Aquella víspera de Nochebuena íbamos a cenar bagres al vino blanco preparados por Moncho, el morrudo wichí de mirada siempre alerta que era uno de los lugareños que vigilaba el campamento y oficiaba de cocinero y guardián durante el día, cuando todos salían a cumplir sus tareas: reconocimiento territorial, revisión de cámaras trampa, análisis de huellas y guaridas, relevamientos fotográficos. Para el día siguiente, Moncho había prometido una tallarinada con salsa de hongos locales.

Se salía al alba y de a dúos, a veces tríos y con diferentes rumbos. Casi nunca solos, salvo en las inmediaciones del campamento, que era una carpa grande bajo la que había un horno de barro, estantes con provisiones, el generador de luz, una mesa larga y varias sillas de plástico blanco. Alrededor había tres carpas pequeñas con catres de campaña.

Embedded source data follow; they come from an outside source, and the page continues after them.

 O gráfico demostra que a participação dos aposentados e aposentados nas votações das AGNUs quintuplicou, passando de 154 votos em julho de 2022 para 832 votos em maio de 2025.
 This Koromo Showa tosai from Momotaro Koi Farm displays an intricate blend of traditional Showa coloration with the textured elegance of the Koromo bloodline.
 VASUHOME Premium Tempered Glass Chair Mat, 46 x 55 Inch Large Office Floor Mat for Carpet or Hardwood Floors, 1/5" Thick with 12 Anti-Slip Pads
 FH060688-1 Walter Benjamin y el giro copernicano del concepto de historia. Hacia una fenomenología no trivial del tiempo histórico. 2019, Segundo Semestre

Apenas clarear y bien desayunados, facones en cintura y escopetas al hombro que se sabía que jamás debían usarse salvo emergencias, cada pareja o trío se adentró en la selva para trabajar en lo suyo mientras en el campamento, a orillas de la laguna, quedaban Moncho y un par de entomólogos que se pasaban horas clasificando insectos, uno de los tesoros de esas selvas.

Cada quien hacía su tarea en la vasta extensión –más de cien mil hectáreas– de lo que años más tarde sería Parque Nacional. Y al caer la tarde cada dueto o trío regresaba al campamento y era una alegría colectiva compartir observaciones y experiencias. También se hacían colas conversadas para ducharse bajo el tacho agujereado que colgaba de un par de horquetas altas y que todos manteníamos lleno de agua traída de la laguna. Después, intercambiados los hallazgos y con generalizado buen humor, se organizaba un truco de cuatro, o de seis. Marquitos y Romina, entomólogos de la Universidad de La Plata, eran la pareja a vencer desde hacía varias noches. Sergio y María Inés disputaban su habitual partida de ajedrez. Y yo tras limpiar mis cámaras y clasificar fotografías, leía hasta dormirme.

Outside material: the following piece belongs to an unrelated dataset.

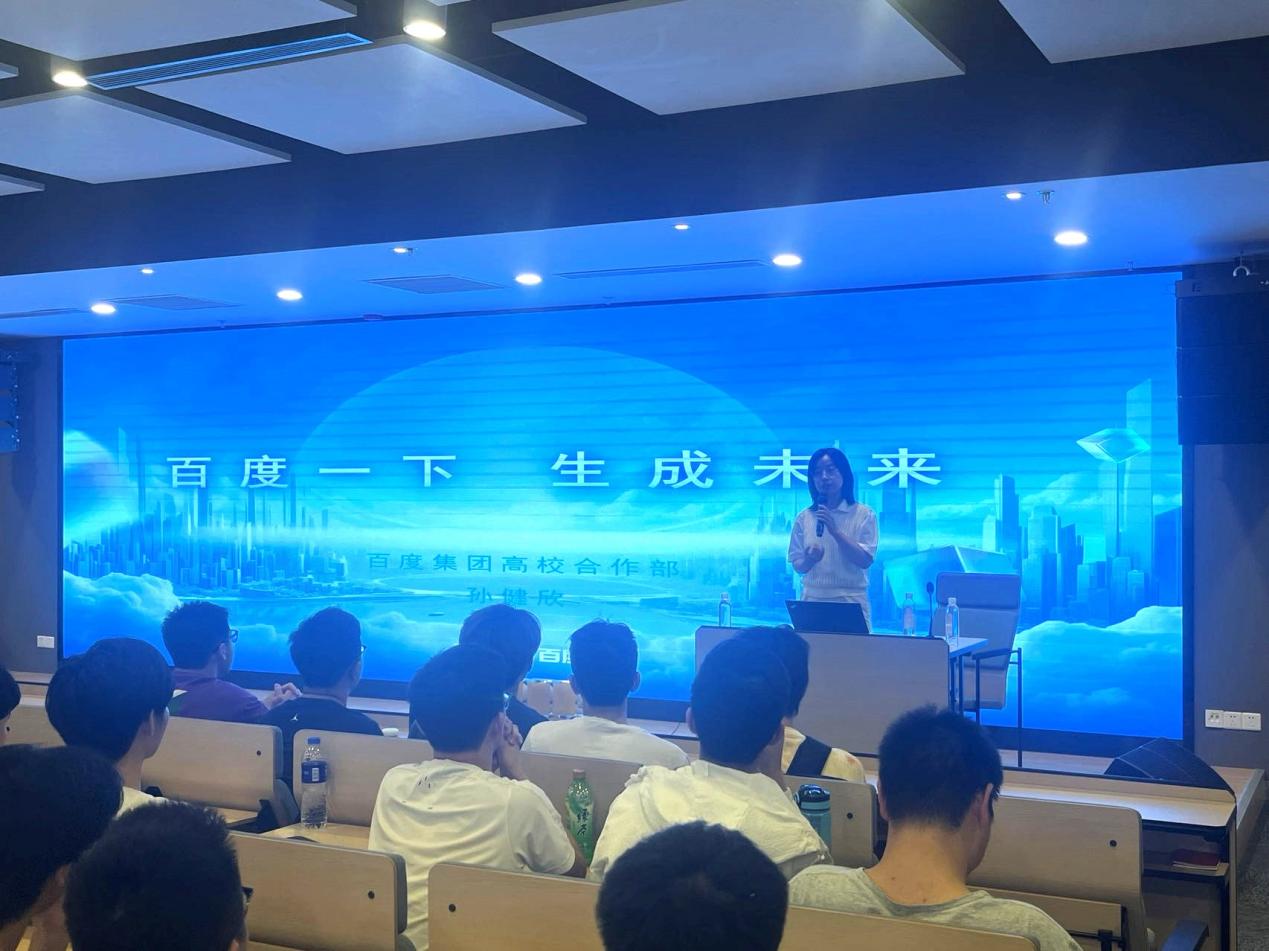 随后,百度公司孙健欣向同学们介绍了百度AI原生应用,以及苏州大学—百度 AI创新人才培养菁英班的开设理念。强调了同学们参加菁英班的注意事项,以及菁英班的三大组成板块:课程教学、实践教学和竞赛培训。在课程教学方面,百度公司提供包括人工智能相关的教学资源包和职场规划线上线下课程等;在实践教学方面,将提供实践基地以及题库练习;在竞赛培训方面,将组织学生参加由百度公司组织的各项大赛和暑期训练营活动。同时,就菁英班的选拔条件、课程内容等方面的问题与现场同学进行了热烈的互动,激发了同学们参与菁英班的热情。

Nunca fui regular en mis viajes al Impenetrable, pero mi emoción es grande cada vez que recorro los casi 500 kilómetros de distancia desde Resistencia, y sobre todo el último tramo, desde Miraflores, que es donde termina el pavimento y empiezan los huellones, guadales o barros impasables hasta Nueva Población y Nueva Pompeya. La carretera abraza lentamente a lugareños y visitantes con su paisaje de quebrachos, urundayes e itines, entre decenas de especies devastadas por la codicia de los repudiados "empresarios" que abaten árboles centenarios y se los llevan en camiones repletos de troncos, espectáculo que desde niño aprendí a despreciar cuando todos los meses y con mi papá al volante de su Ford de ocho cilindros, atravesábamos la selva subtropical chaqueña que ya el "progreso" empezaba a destruir inexorablemente.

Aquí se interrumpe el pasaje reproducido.